Provided data ▸
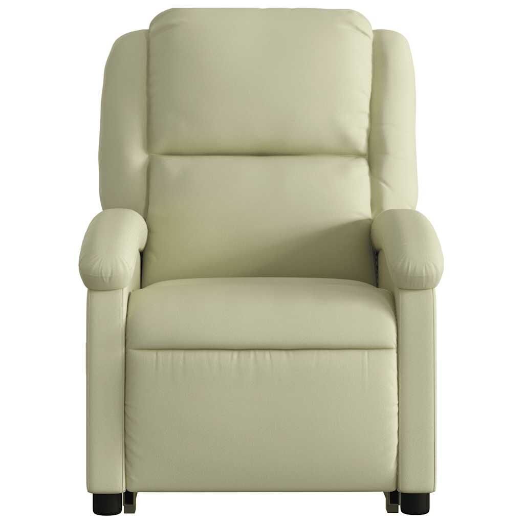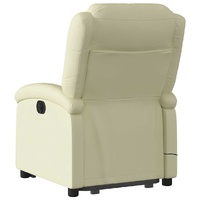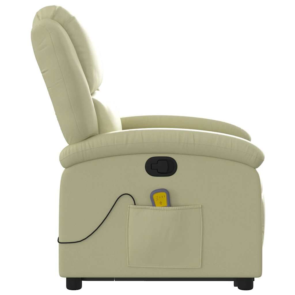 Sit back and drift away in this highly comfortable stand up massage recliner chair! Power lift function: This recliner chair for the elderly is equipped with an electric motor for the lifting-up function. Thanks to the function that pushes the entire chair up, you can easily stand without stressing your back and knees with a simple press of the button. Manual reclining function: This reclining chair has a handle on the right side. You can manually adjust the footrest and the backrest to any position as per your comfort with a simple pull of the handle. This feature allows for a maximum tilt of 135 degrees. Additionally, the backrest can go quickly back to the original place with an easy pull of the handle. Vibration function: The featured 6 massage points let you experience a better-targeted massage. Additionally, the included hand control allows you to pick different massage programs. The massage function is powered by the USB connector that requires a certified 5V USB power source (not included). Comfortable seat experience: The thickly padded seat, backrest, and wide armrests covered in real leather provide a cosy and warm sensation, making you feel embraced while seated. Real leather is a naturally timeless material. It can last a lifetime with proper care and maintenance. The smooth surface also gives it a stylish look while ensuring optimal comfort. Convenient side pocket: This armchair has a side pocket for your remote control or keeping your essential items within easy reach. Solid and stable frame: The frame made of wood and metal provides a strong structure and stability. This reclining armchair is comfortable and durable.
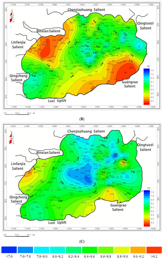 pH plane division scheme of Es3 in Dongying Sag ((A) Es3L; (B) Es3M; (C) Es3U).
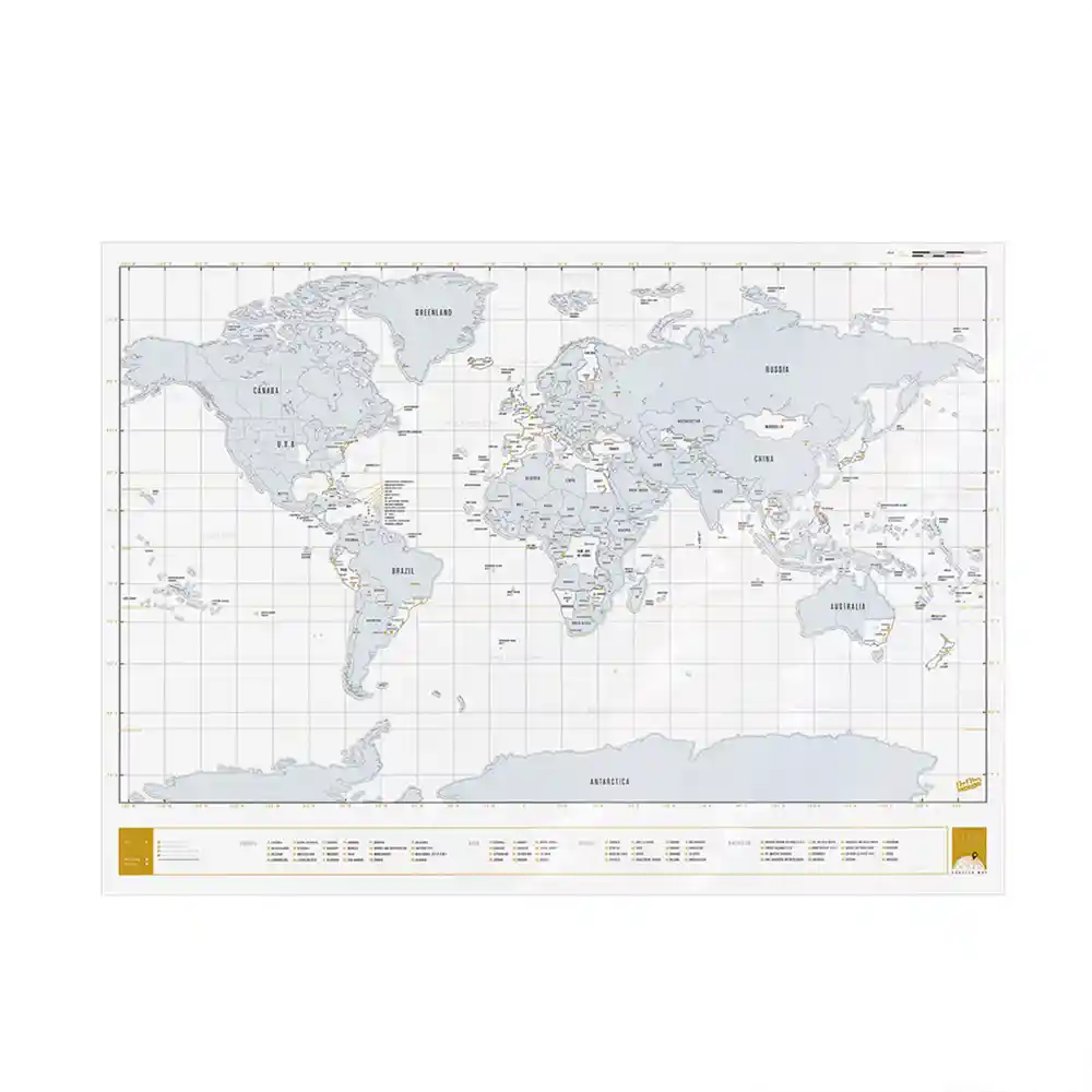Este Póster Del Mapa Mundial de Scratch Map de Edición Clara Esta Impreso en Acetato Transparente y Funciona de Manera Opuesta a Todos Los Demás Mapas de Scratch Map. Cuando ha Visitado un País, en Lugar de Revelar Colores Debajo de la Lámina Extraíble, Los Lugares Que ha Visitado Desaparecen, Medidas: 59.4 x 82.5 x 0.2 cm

* * *

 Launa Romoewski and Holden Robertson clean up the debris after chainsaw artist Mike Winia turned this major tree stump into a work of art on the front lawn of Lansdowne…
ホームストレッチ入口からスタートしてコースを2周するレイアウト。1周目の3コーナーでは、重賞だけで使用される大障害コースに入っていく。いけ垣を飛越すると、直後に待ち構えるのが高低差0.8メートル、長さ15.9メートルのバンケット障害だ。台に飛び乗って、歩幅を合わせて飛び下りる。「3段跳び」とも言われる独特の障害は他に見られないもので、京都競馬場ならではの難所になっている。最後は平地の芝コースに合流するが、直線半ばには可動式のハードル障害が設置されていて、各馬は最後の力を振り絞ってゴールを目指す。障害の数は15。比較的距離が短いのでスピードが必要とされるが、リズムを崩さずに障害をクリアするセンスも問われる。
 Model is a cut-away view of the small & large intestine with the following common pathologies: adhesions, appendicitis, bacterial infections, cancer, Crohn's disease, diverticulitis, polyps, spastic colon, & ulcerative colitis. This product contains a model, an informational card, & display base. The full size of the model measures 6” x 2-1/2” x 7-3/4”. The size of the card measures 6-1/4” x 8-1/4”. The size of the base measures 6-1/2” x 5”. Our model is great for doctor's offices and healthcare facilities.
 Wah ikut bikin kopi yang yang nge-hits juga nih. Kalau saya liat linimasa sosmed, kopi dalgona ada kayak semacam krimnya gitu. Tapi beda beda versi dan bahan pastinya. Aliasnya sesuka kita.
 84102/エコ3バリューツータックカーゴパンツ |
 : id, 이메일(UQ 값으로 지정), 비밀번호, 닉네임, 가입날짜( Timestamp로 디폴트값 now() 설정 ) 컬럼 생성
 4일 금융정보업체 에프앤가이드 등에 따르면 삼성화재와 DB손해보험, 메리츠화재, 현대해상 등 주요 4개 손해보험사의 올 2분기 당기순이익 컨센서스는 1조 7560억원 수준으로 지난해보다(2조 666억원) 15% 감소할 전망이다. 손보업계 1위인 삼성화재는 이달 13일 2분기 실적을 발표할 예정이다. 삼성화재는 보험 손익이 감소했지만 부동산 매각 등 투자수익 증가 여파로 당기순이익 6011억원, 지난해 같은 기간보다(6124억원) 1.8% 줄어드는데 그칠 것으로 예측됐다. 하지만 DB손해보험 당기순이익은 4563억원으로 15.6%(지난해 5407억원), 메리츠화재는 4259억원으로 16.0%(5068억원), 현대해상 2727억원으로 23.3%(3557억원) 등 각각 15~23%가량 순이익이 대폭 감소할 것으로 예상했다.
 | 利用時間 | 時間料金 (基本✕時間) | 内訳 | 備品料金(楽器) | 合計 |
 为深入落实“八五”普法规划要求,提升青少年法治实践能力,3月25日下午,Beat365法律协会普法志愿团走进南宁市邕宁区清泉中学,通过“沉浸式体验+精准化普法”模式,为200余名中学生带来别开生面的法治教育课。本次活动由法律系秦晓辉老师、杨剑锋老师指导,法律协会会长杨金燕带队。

Requirement ▸ Your answer must be the lines above from the one containing "Wah ikut bikin" to the one containing "now() 설정 ) 컬럼 생성", both included, restated word for word.

Task output ▸
 Wah ikut bikin kopi yang yang nge-hits juga nih. Kalau saya liat linimasa sosmed, kopi dalgona ada kayak semacam krimnya gitu. Tapi beda beda versi dan bahan pastinya. Aliasnya sesuka kita.
 84102/エコ3バリューツータックカーゴパンツ |
 : id, 이메일(UQ 값으로 지정), 비밀번호, 닉네임, 가입날짜( Timestamp로 디폴트값 now() 설정 ) 컬럼 생성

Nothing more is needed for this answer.